I'm sure the maps are not 100% accurate reagarding exact location of trails in relation to surrounding topography but it serves the purpose of navigation around our trails systems very well.
This isn't exactly what GIS experts are used to, but I think it makes for an aestically pleasing map and gives you ultimate control over the appearance, border, etc.

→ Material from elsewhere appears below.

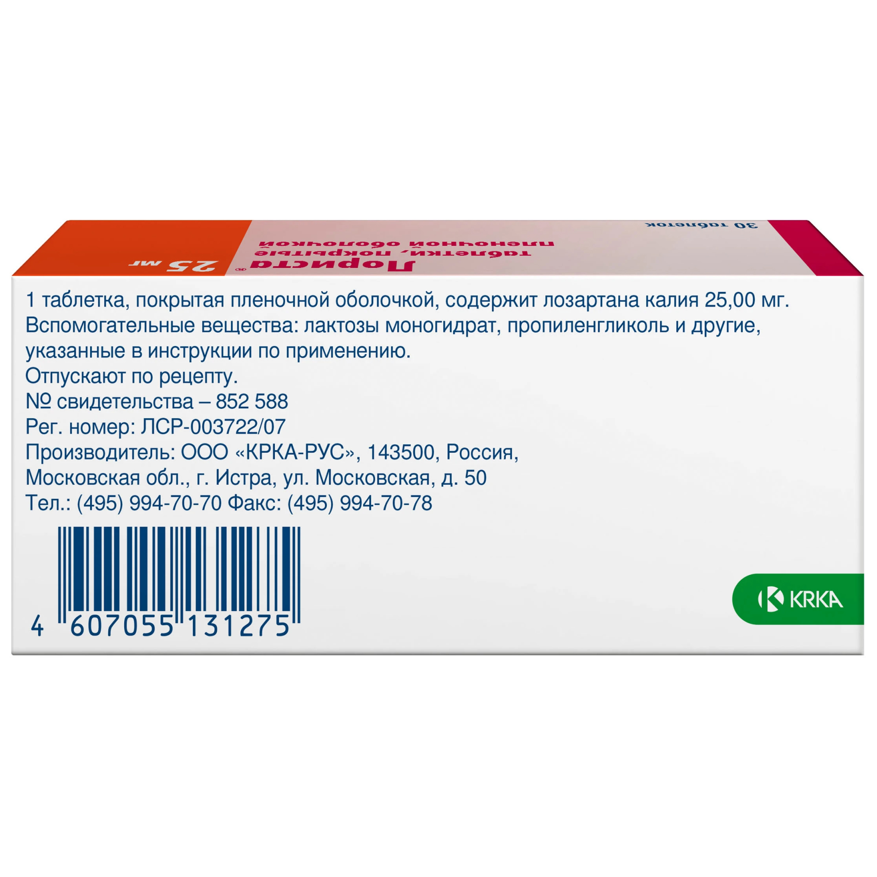 У пациентов со сниженным ОЦК (например, при приеме больших доз диуретиков) начальную дозу препарата Лориста® следует снизить до 25 мг 1 раз в сутки.

I really like the map of Pittstown SF.
I am not sure that a scale bar is really worth including on maps made with illustrator. I certainly appreciate the graphic artistry that goes into such products, but without spatial reference information, you simply can't be sure that things like scale bars, north arrows with declination scales, and coordinate systems can be accurate enough to actually use them for navigation purposes.
I think an ideal product is one generated in GIS for accuracy and then modified using graphics tools for aesthetic purposes. Most GIS programs have pretty poor graphics manipulation tools. ArcGIS does a pretty good job with those. I am working on a map right now that I'll post when I'm finished done exclusively with ArcGIS and I think it looks pretty good. I'm waiting on some information from the manager to set symbology how I want, and then I have some graphics work to do in order to make it look nice for printing. I am going to make a version for a poster sized wall print, as well as a version that can go onto the backside of a 3 fold 8x10 brochure. I'll let the student workers deal with the front side with information about their rentals, rules, or whatever else they want to put on it.